There's one nasty problem with the PE750 and OpenBSD -- if you go with
the SATA drives, the onboard controller is not supported in DMA mode,
so you would need to put a supported PCI controller in one of the two slots.

The embedded Intel 'em' controllers available on most Dell machines are
good gigabit Ethernet controllers.  The Broadcom 'bge' NICs found on a
few Dell products are less well regarded.


> >My first recommendation for the "corporate world" is to plan on purchasing
> >two identical machines and operate either behind a load-balancer or with
> >a reliable failover solution -- if you use Proxy Automatic Configuration 
> >(PAC)
> >instead of transparent proxy, you can even have the clients themselves do
> >both load-balancing and failover in the PAC script.
> >
> Yes.
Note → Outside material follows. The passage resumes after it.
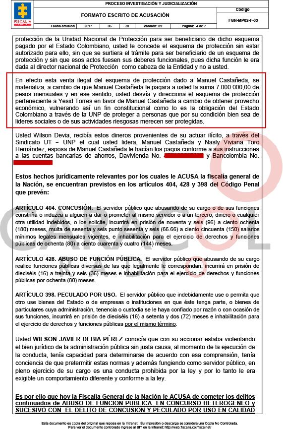 La Fiscalía radicó el escrito de acusación en contra de Wilson Devia, el 3presidente de uno de los sindicatos de la UNP, y va a juicio por los delitos de abuso de función pública, concusión y peculado, porque supuestamente negociaba con los esquemas de seguridad.

That is what I originally had in mind. Assuming I have the budget
> to buy two machines (hopefully I do), i would doing something very similar.

I'd almost go so far as to say it'd be better to purchase and deploy two cheap
Squid servers than one really good one :)


> >You mentioned the number of employees, but not the available bandwidth
> >or the current average and peak traffic volumes for desktop web browsing.
> >
> Well, we have a T-1 currently. One of my current tasks is to measure our
> bandwidth usage. It definitely needs to be cutback. The CEO was very
> nice in letting users "surf" freely for awhle. However, after a recent
> nasty incident, the door will slam shut on that very soon. Hence, the
> "go ahead" on my long awaited squid proxy server.

You'd be hard pressed to find a server which isn't up to saturating a T1.

> Is there another plugin of some sort that works in conjunction with
> squid for web content filtering? I've come across another one called
> http://www.safesquid.com

This is the first I've seen of this product.  Interesting, and cheap.


> I really need some type of addition to squid to filter out crap and
> ensure it doesn't get on my users computers (spyware...). Since most of
> our vendors websites use only IE, I am unable to switch others to
> something like Firefox. So, im stuck

I stop the most annoying spyware with a combination of router ACLs
and blocking the spyware domains in my caching nameserver.

You can address a subset of spyware by upgrading your desktop AV
(Symantec, McAfee, etc) to add their host-based spyware protection.